START MATERIAL PROVIDED
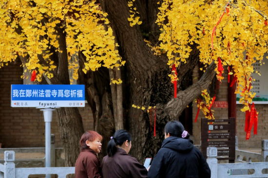 經開區蝶湖西北側的法云寺內,樹齡1200多年的古銀杏樹的樹葉已經全部變為金黃,微風吹過,片片銀杏葉飄落,吸引了眾多市民前來拍照,觀賞。這棵銀杏樹為鄭州市主城區內最古老的一棵銀杏樹。
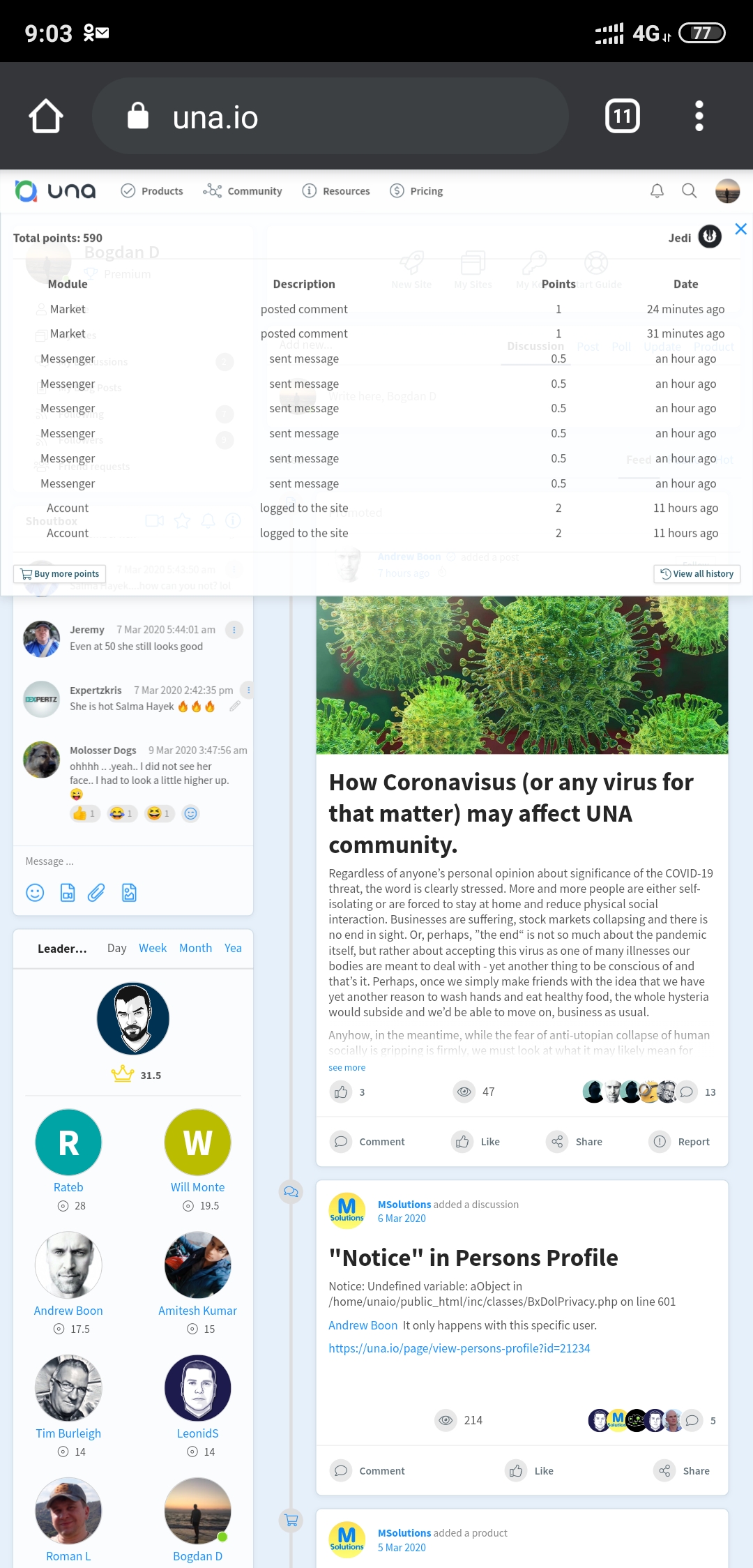 AQB Soft Same here, this leaderboard took out my index page. All blocks of the module had to be disabled to use the site. It's embarrassing, to say the least. One minute it was fine, a new member joined and now it's broken somehow.
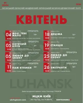 вт, 7 кві 2026 - 15:37 Луганський обласний академічний український музично-драматичний театр запрошує на вистави. Що у репертуарі на квітень?
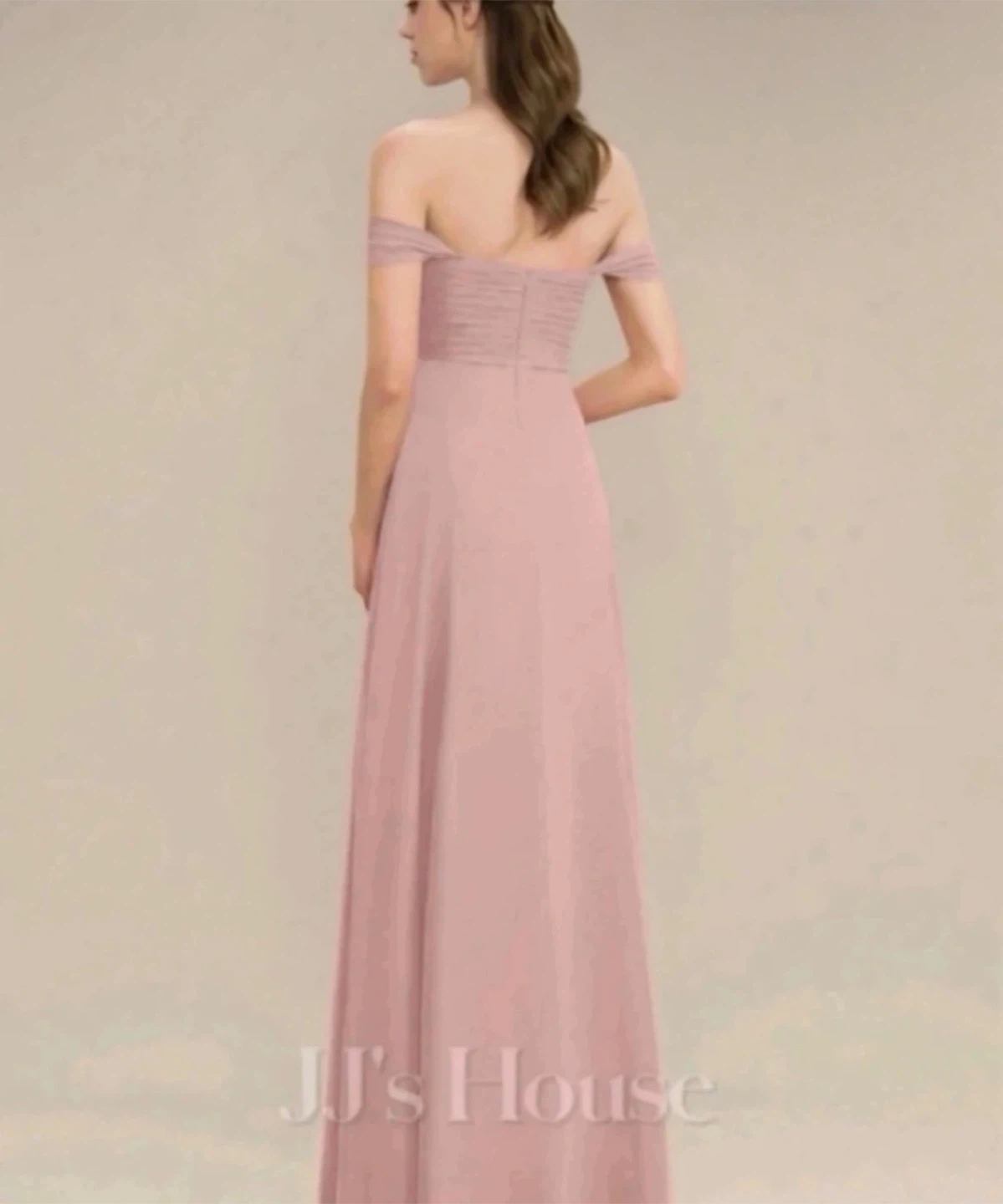 (us8)A-line Off Shoulder Floor-Length Chiffon Dress With Ruffle
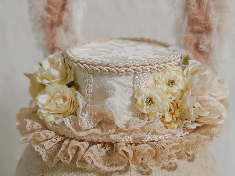 紅茶染めしたレースとお花をたっぷり詰め合わせたうさぎ耳ハットになります。
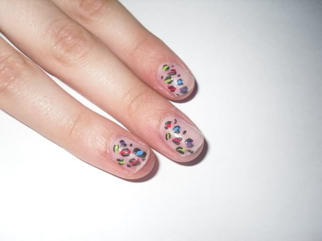 ![]() Będziesz potrzebować: ![]() * kolorowe lakiery ( u mnie Joko oraz Silcare) * bazę oraz utwardzacz * neutralny lakier podkładowy * czarną farbę akrylową (u mnie Polycolor) * cienki pędzelek do zdobień ( u mnie Kozłowski, kuna, 3/0) 1. Standardowo przygotowujemy płytkę. Nakładamy bazę oraz lakier podkładowy w delikatnym kolorze. ![]() 2. Przy użyciu kolorowych lakierów oraz pędzelka malujemy nierównomierne plamki. ![]() 3. Za pomocą czarnej farbki oraz pędzelka obrysowujemy cętki, malując 2-3 nieregularne kreski wokół cętki. Pomiędzy cętkami dorysowujemy delikatne pojedyncze kreseczki. Należy pamiętać, aby kreski nie były zbyt grube ![]() ![]() 4. Po wyschnięciu farbki oraz lakierów, nakładamy nabłyszczacz. Na dłonie nakładamy krem, a skórki nawilżamy oliwką. I gotowe ![]()
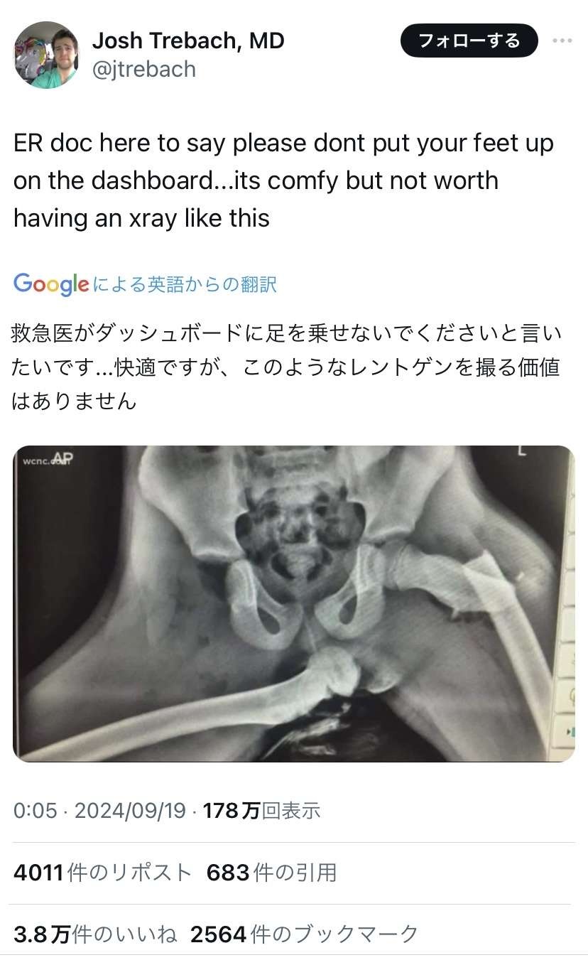 【画像】医者「車のダッシュボードに足乗せないでね。事故ったらこうなるよ」→4万いいね [834922174]
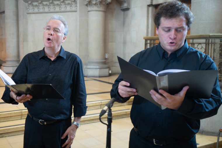 El tenor Rodrigo del Pozo y el barítono Ismael Correa, profesor y alumno en el Instituto de Música UC. Foto: Música UC.
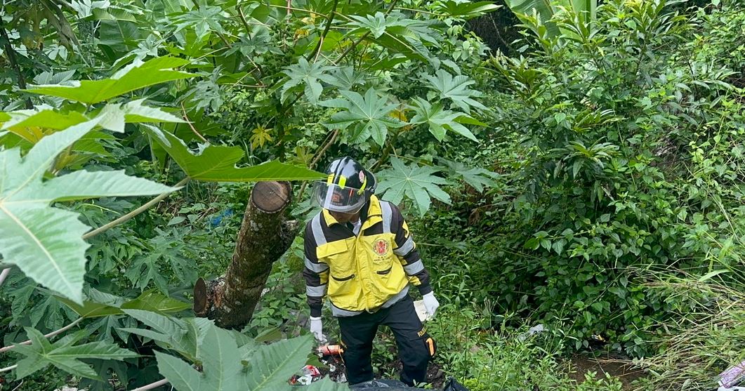 El cuerpo de un mujer fue hallado en la ruta entre San José Pinula y Palencia. (Foto Prensa Libre: Bomberos Voluntarios)
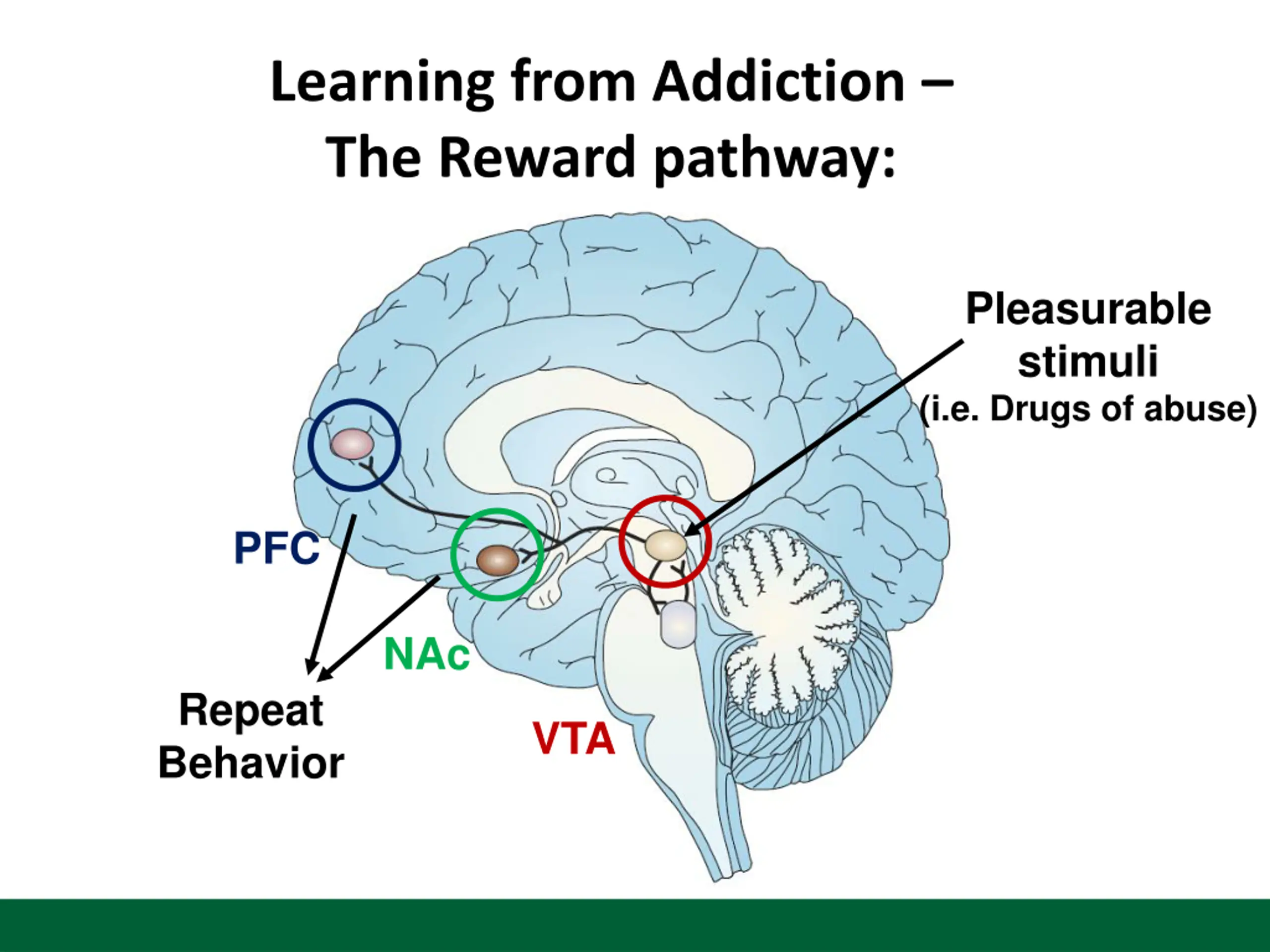 Learning from Addiction The Reward pathway: Pleasurable stimuli (i.e. Drugs of abuse) PFC NAc Repeat Behavior VTA
END MATERIAL PROVIDED
**ASSIGNED TASK:**
Except for the pictures, copy every line of the records above exactly.

**WRITTEN RESPONSE:**
 經開區蝶湖西北側的法云寺內,樹齡1200多年的古銀杏樹的樹葉已經全部變為金黃,微風吹過,片片銀杏葉飄落,吸引了眾多市民前來拍照,觀賞。這棵銀杏樹為鄭州市主城區內最古老的一棵銀杏樹。
 AQB Soft Same here, this leaderboard took out my index page. All blocks of the module had to be disabled to use the site. It's embarrassing, to say the least. One minute it was fine, a new member joined and now it's broken somehow.
 вт, 7 кві 2026 - 15:37 Луганський обласний академічний український музично-драматичний театр запрошує на вистави. Що у репертуарі на квітень?
 (us8)A-line Off Shoulder Floor-Length Chiffon Dress With Ruffle
 紅茶染めしたレースとお花をたっぷり詰め合わせたうさぎ耳ハットになります。
 ![]() Będziesz potrzebować: ![]() * kolorowe lakiery ( u mnie Joko oraz Silcare) * bazę oraz utwardzacz * neutralny lakier podkładowy * czarną farbę akrylową (u mnie Polycolor) * cienki pędzelek do zdobień ( u mnie Kozłowski, kuna, 3/0) 1. Standardowo przygotowujemy płytkę. Nakładamy bazę oraz lakier podkładowy w delikatnym kolorze. ![]() 2. Przy użyciu kolorowych lakierów oraz pędzelka malujemy nierównomierne plamki. ![]() 3. Za pomocą czarnej farbki oraz pędzelka obrysowujemy cętki, malując 2-3 nieregularne kreski wokół cętki. Pomiędzy cętkami dorysowujemy delikatne pojedyncze kreseczki. Należy pamiętać, aby kreski nie były zbyt grube ![]() ![]() 4. Po wyschnięciu farbki oraz lakierów, nakładamy nabłyszczacz. Na dłonie nakładamy krem, a skórki nawilżamy oliwką. I gotowe ![]()
 【画像】医者「車のダッシュボードに足乗せないでね。事故ったらこうなるよ」→4万いいね [834922174]
 El tenor Rodrigo del Pozo y el barítono Ismael Correa, profesor y alumno en el Instituto de Música UC. Foto: Música UC.
 El cuerpo de un mujer fue hallado en la ruta entre San José Pinula y Palencia. (Foto Prensa Libre: Bomberos Voluntarios)
 Learning from Addiction The Reward pathway: Pleasurable stimuli (i.e. Drugs of abuse) PFC NAc Repeat Behavior VTA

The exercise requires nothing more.